◆ WORK INSTRUCTIONS:
Go to the line containing "На Покровском направлении" in the material below. From there to the end, retype every line exactly and drop the pictures.

************

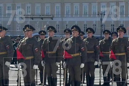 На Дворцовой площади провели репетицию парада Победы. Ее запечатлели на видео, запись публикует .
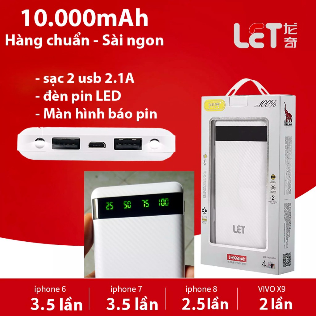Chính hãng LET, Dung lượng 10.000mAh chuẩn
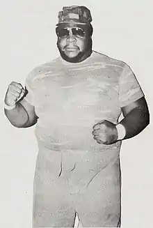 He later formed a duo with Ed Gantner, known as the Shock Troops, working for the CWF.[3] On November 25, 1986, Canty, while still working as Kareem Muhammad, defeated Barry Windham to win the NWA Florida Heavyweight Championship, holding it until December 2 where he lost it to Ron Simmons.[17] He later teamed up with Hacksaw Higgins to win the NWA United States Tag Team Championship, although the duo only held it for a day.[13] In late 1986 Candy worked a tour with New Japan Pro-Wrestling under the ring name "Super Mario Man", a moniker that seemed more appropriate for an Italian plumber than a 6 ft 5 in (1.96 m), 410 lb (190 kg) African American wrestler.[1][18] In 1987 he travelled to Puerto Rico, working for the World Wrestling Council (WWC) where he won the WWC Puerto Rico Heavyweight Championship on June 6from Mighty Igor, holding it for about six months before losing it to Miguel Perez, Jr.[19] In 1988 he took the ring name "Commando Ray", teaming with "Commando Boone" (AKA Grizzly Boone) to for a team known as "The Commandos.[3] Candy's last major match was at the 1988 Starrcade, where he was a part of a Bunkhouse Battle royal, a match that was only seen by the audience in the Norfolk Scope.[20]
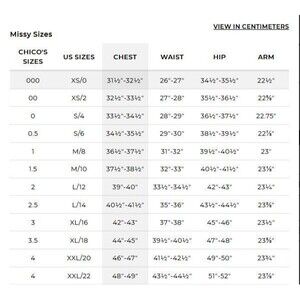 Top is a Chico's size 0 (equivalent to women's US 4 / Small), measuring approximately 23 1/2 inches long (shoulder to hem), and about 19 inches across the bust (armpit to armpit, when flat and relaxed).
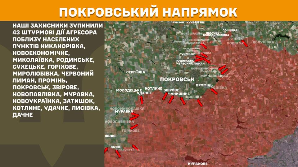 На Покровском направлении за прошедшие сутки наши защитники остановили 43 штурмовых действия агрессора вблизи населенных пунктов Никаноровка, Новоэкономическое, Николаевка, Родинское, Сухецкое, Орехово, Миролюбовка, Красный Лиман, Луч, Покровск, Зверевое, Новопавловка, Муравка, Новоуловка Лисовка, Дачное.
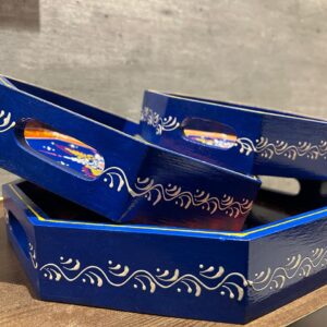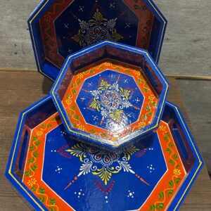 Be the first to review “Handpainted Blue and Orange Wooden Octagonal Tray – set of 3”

************

◆ YOUR SOLUTION:
 На Покровском направлении за прошедшие сутки наши защитники остановили 43 штурмовых действия агрессора вблизи населенных пунктов Никаноровка, Новоэкономическое, Николаевка, Родинское, Сухецкое, Орехово, Миролюбовка, Красный Лиман, Луч, Покровск, Зверевое, Новопавловка, Муравка, Новоуловка Лисовка, Дачное.
 Be the first to review “Handpainted Blue and Orange Wooden Octagonal Tray – set of 3”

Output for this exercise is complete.